Se consuma com a omissão ou inserção de forma direta ou indireta de declaração falsa
ou diversa da que deveria constar no documento, sendo assim, crime formal. Portanto, não é
exigido o efetivo uso do documento falso, nem a obtenção de vantagem ou prejuízo de
alguém. Admite tentativa tanto nas hipóteses omissivas quanto comissivas.
Vale acrescentar que os incisos II e V do art. 49 do Decreto 5.452/1943 – CLT
contemplam formas específicas de falsidade ideológica onde também se aplicam as penas do
art. 299 do CP, que são:
“Art. 49 - Para os efeitos da emissão, substituição ou anotação de Carteiras de Trabalho e Previdência Social, considerar-se-á, crime de falsidade, com as penalidades previstas no art. 299 do Código Penal;(...)II - Afirmar falsamente a sua própria identidade, filiação, lugar de nascimento, residência, profissão ou estado civil e beneficiários, ou atestar os de outra pessoa; (...)V - Anotar dolosamente em Carteira de Trabalho e Previdência Social ou registro de empregado, ou confessar ou declarar em juízo ou fora dele, data de admissão em emprego diversa da verdadeira.”
Do caso em tela, depreende-se que a conduta do advogado se caracteriza uma
falsidade ideológica, pois preencheu o documento de forma diferente da acertada com Pablo,
além de inserir declaração diversa da acordada entre eles, fazendo com que se enquadre na
conduta ilícita descrita no Código Penal.
REFERÊNCIAS
BITTENCOURT, Cezar Roberto.

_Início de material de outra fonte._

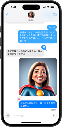 Image Playgroundを使って、楽しく遊び心あふれる画像を作成しましょう。メッセージやフリーボードなどのアプリ内、またはImage Playground専用のアプリからどうぞ。アニメーション、イラスト、スケッチのほか、ChatGPTのまったく新しいスタイルから選べます。写真ライブラリ内の家族や友だちをモデルにした画像では、ひげや表情などをカスタマイズすることもできます。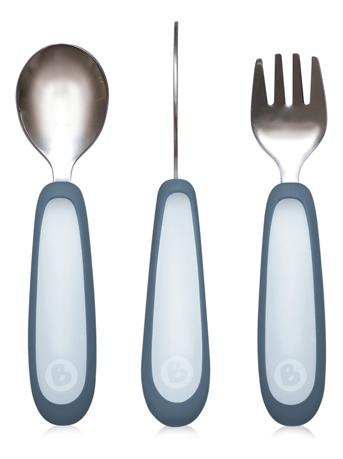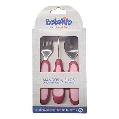 Este juego de cubiertos es el paso ideal entre las primeras cucharas y los cubiertos de adulto. Puntas redondeadas: Permiten que tu pequeño aprenda a usar cuchillo y tenedor protegiendo su boca, dientes y encías. Base de cuchara ancha y profunda: Esta cuchara ancha facilita recoger la comida y su profundidad hace que entre más comida en su boca. Mangos: Sus mangos ergonómicos brindan mejor agarre y resistencia al deslizamiento, haciendo su uso fácil y seguro. Fácil de limpiar y libre de BPA: Estos cubiertos de acero inoxidable son fáciles de limpiar y aptos para lavavajillas. Todos nuestros productos están libres de BPA, BPS y ftalatos. Composición: Filos: Acero Inoxidable. Mangos: PP y TPE.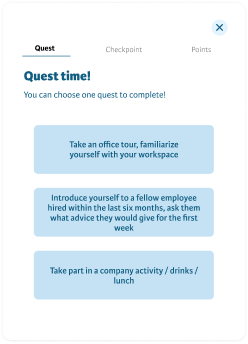 • Quests: Personalized, phase-based challenges supporting personal and professional growth.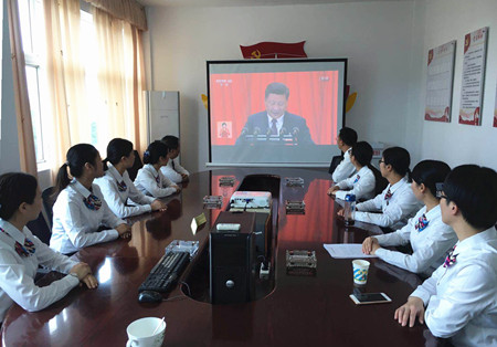 10月18日上午,中國共產黨第十九次全國代表大會開幕,臺州南收費所組織部分黨員、團員、行政人員在所會議室進行收看。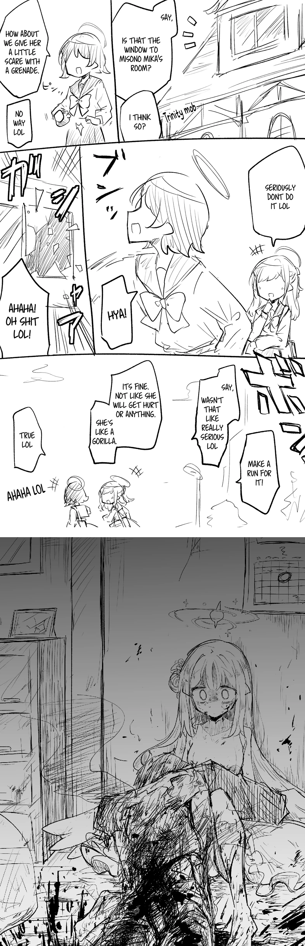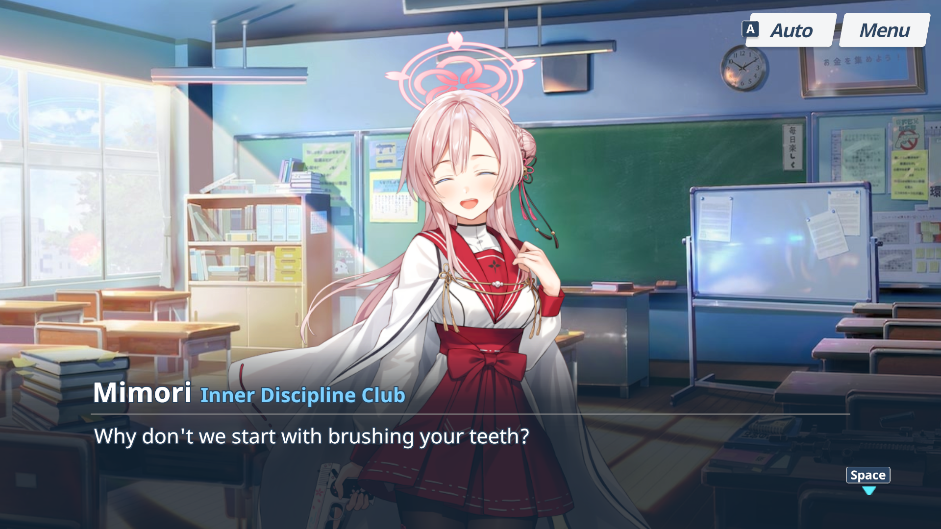Mimori's first momotalk is a bit scary. You wake up at a strange place, and Mimori is there to greet you like it was normal. But her sprite has her casually holding a gun with a smile, it almost feels like she kidnapped you.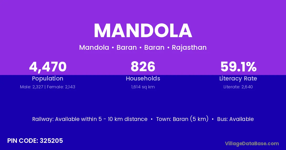 Kota (30 km) is the nearest town to Mandola village for major economic activities and is located approximately 30 km away.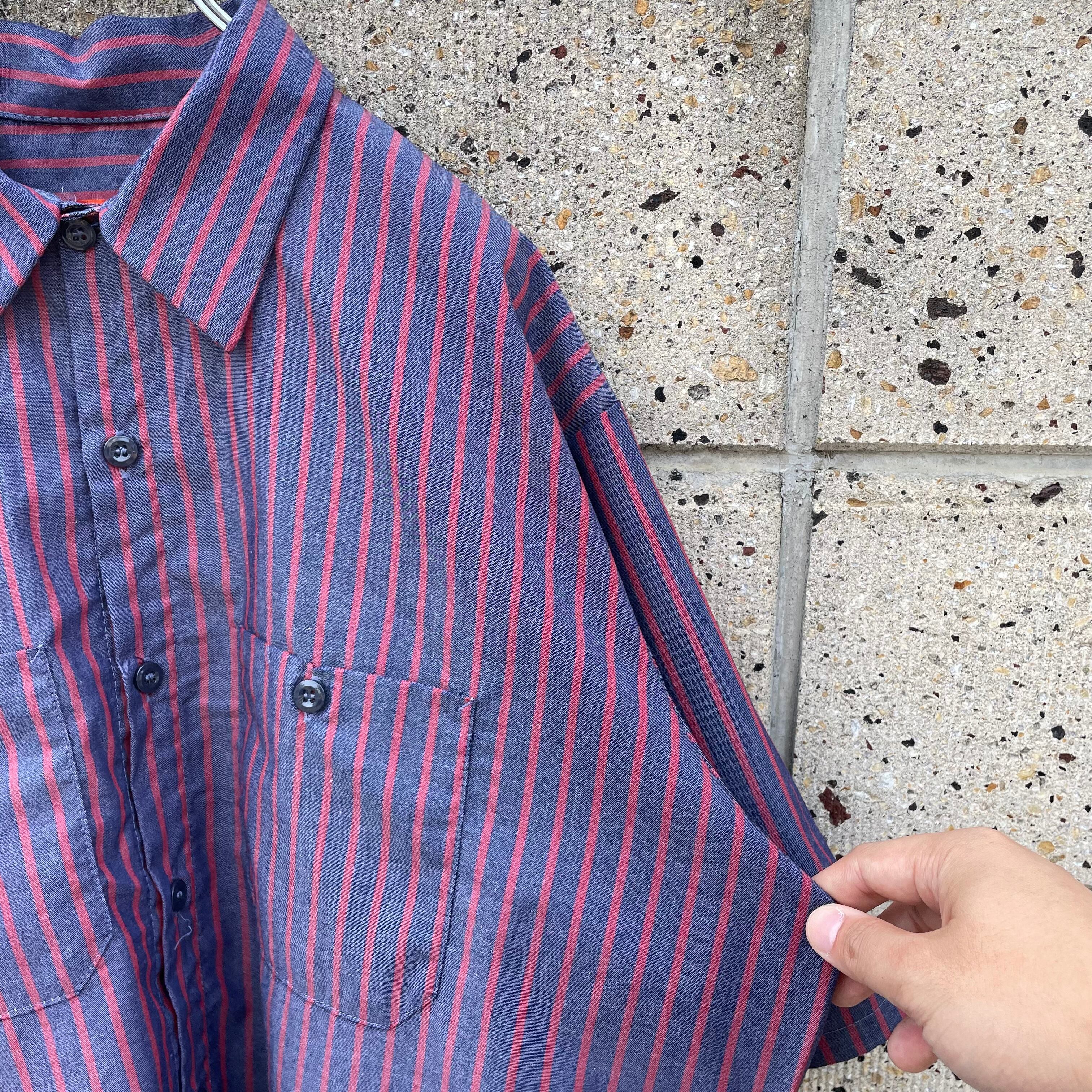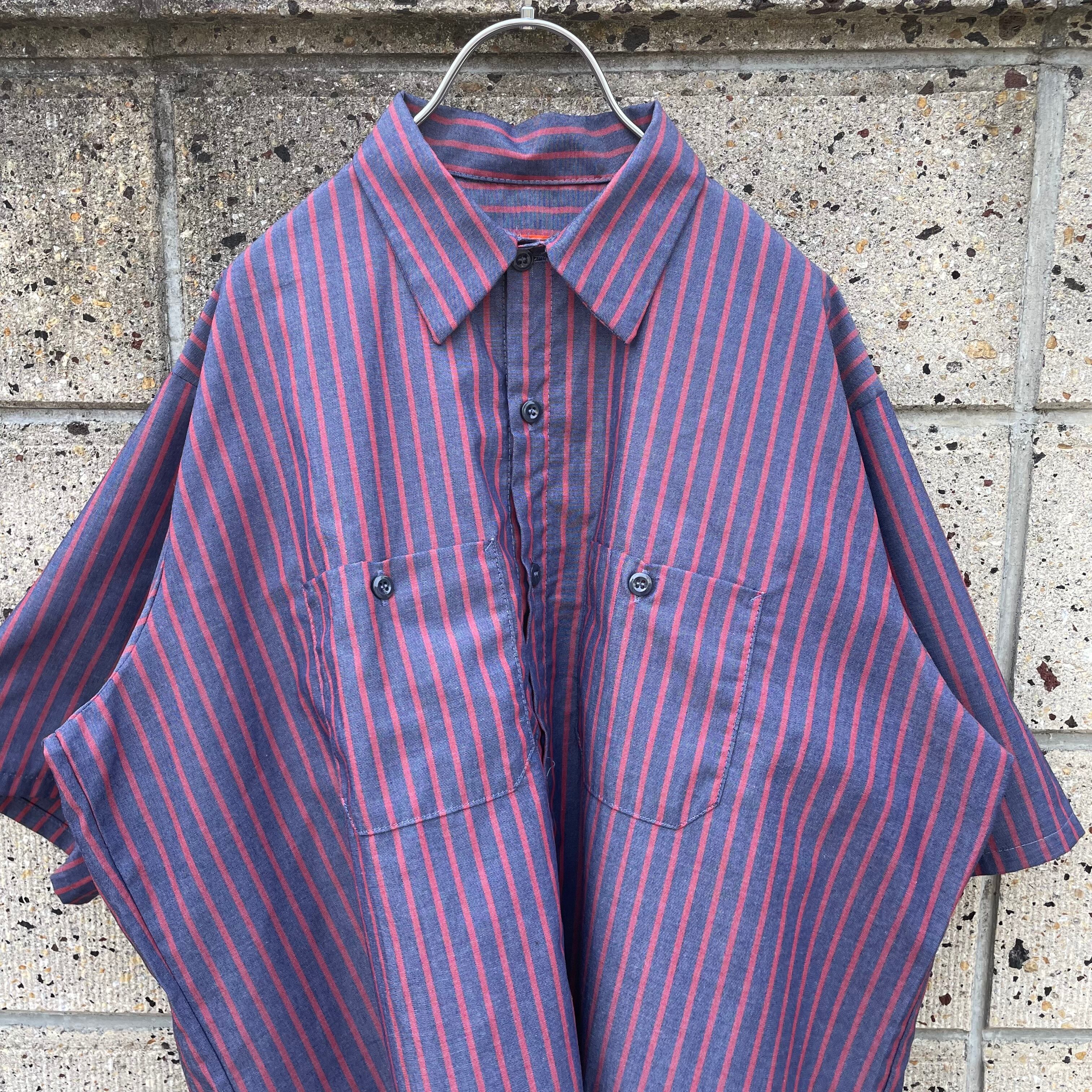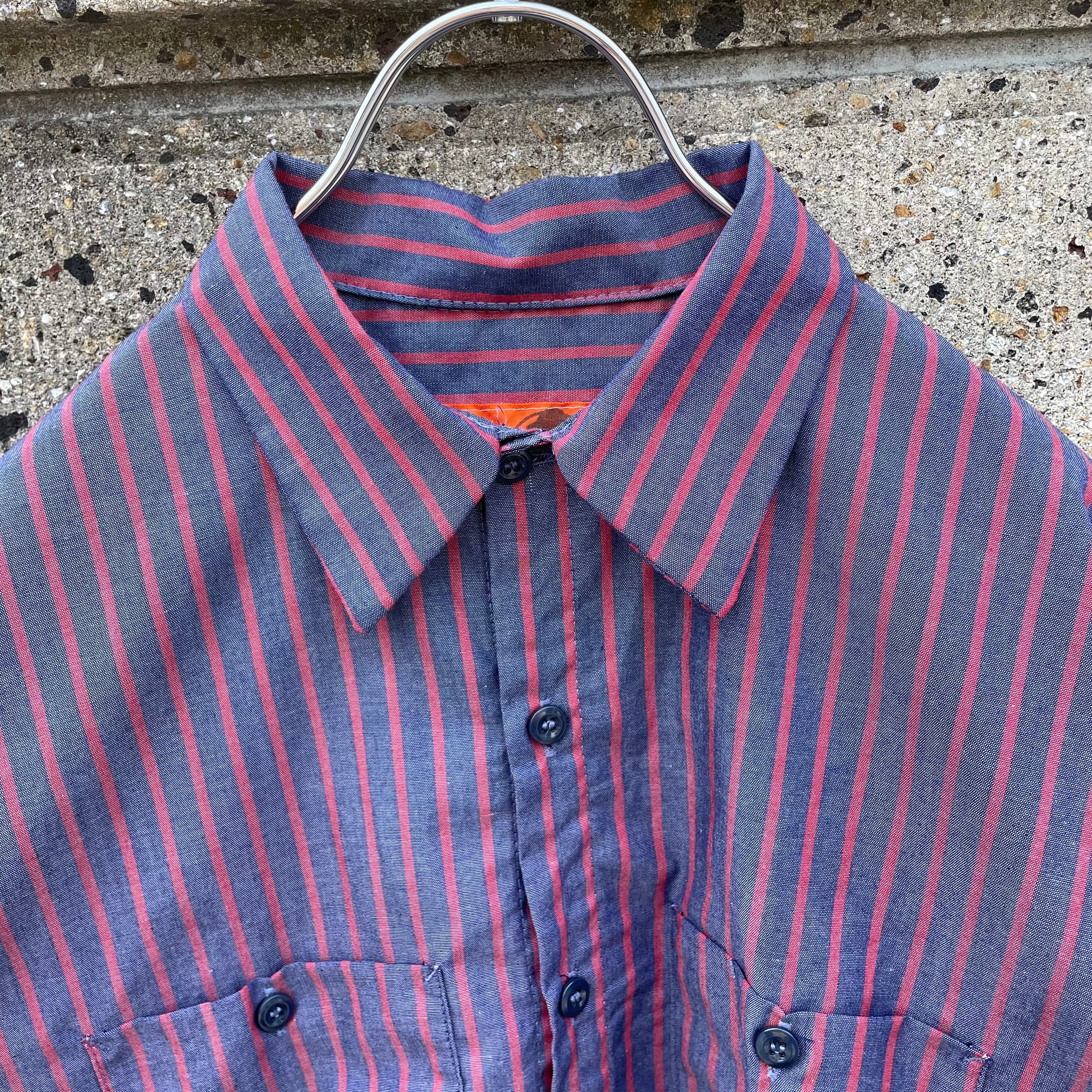 【Lサイズ】RED KAP レッドキャップ 大きめサイズ ストライプ柄 パリッと生地 ワークシャツ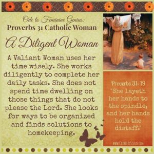 Diligence connotes tenacity and focus and enables us to maintain integrity in all our daily tasks, no matter how menial or how important. Sometimes I feel like I am so out of my league when it comes to being the diligent woman. I am not as industrious as I would like to be. I am not assiduous or even that persistent. It is clearly something I have to work at all the time. I know that my number one flaw is that I am rather complacent and sometimes downright lazy. I am a working mom; I struggle to be diligent in the classroom when I am teaching as well as when I get home. I am often tired, and the older I get, the more tired I become. There is a grace in performing what is expected of us in the face of difficulty, even when that difficulty is overcoming laziness. I have to ask myself what is it that I need to do to achieve diligence. Do I need to be more or better organized? Do I focus on my tasks as a means of achieving holiness or as pleasing to God? Do I focus on solutions rather than excuses? The diligent woman is a woman of character and integrity.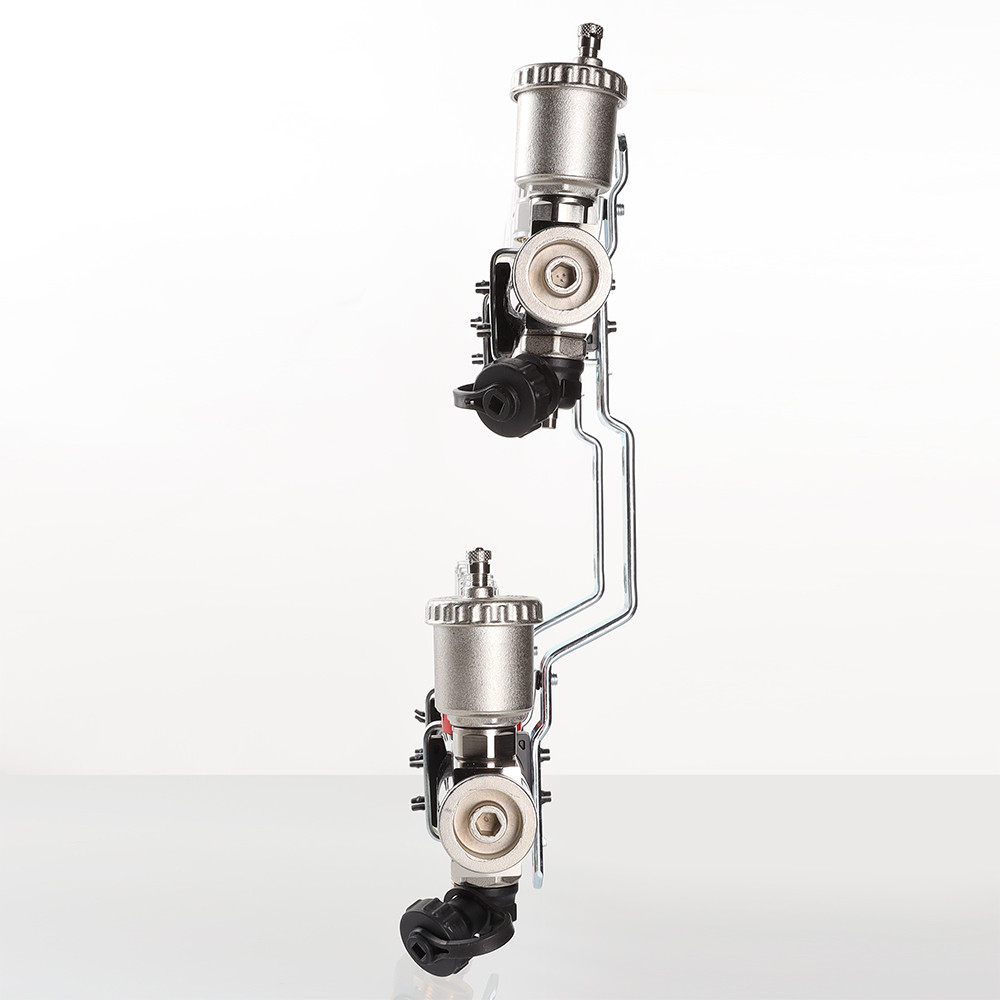 Присоединение трубопроводов к выходам – по стандарту «евроконус». Блок укомплектован также автоматическими воздухоотводчиками с отсекающими клапанами, дренажными кранами, сдвоенными крепежными кронштейнами.

Manual de Direito Penal: Parte Especial. Vol. 2. São Paulo: Saraiva, 2001.
GRECO, Rogério. Curso de Direito Penal: Parte Especial. Vol. 3. Niterói: Impetus, 2006.
HUNGRIA, Nelson. Comentários ao Código Penal. 2. ed. Rio de Janeiro: Forense, 1959,
Vol. IX.
MASSON, Cleber. Direito Penal Esquematizado. Vol. 3. São Paulo: Método. 2012.